Long-term Management

The condition can be temporary or permanent, and long-term management often requires regular monitoring of hormone levels and adjustment of replacement therapies under endocrinologist supervision 1.

• Important aspects of long-term care include:
  • Education on stress dosing for sick days, use of emergency steroid injectables, and when to seek medical attention for impending adrenal crisis 1.
  • Consideration of the need to start corticosteroids first when planning hormone replacement therapy for multiple deficiencies to avoid adrenal crisis 1.
  • Awareness of the potential for isolated central adrenal insufficiency with a low ACTH in patients with a recent history of treatment with corticosteroids and no other central hormone deficiencies 1.

From the Research

Definition of Hypophysitis

• Hypophysitis is a heterogeneous condition that leads to inflammation of the sella and/or suprasellar region, potentially resulting in hormonal deficiencies and/or mass effects 2.
• It is a broad term used to describe conditions leading to inflammation of the pituitary gland and the pituitary stalk, which may develop as a primary condition or secondary to other diseases 3.
• Hypophysitis is characterized by inflammation of the pituitary gland that can be primary (PH) or secondary (SH) to other diseases or following drug administration 4.

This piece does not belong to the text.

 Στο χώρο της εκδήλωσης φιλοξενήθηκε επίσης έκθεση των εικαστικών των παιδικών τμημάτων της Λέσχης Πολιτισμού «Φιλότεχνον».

Classification and Causes of Hypophysitis

• Hypophysitis can be classified using anatomical, histopathological, and aetiological criteria 5.
• The condition can be caused by autoimmune disorders, inflammation secondary to sellar tumors or cysts, systemic diseases, infection, or drug-induced causes 6.
• Lymphocytic hypophysitis (LH) is the commonest cause of primary hypophysitis, whereas IgG4-related hypophysitis is increasingly being recognized 4.

Clinical Presentation and Diagnosis of Hypophysitis

• The clinical presentation of hypophysitis varies from an asymptomatic condition to a fatal disease, often as a result of electrolyte abnormalities due to glucocorticoid deficiency in the context of adrenal crisis from central adrenal insufficiency 2.
• Patients with hypophysitis typically present with headaches, some degree of anterior and/or posterior pituitary dysfunction, and enlargement of the pituitary gland and/or stalk, as determined by imaging 6.
• Diagnosis can be challenging, and ultimately, only a pituitary biopsy can confirm hypophysitis type and rule out other etiologies 6.

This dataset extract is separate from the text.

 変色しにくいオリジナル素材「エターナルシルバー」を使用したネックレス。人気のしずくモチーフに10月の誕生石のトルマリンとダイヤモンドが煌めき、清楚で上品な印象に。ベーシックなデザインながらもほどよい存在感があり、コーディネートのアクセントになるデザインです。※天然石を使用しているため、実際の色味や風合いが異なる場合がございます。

Treatment and Management of Hypophysitis

• The basic therapy relies on hormonal replacement, and high doses of steroids are the first-line treatment of symptoms caused by mass effect in sella and compression of surrounding structures 3.
• In steroid-resistant patients or in cases of unacceptable side effects, treatment with other immunosuppressant drugs may be administered with success 3.
• Surgery may be necessary in some cases to relieve mass effect and allow a definite diagnosis 6.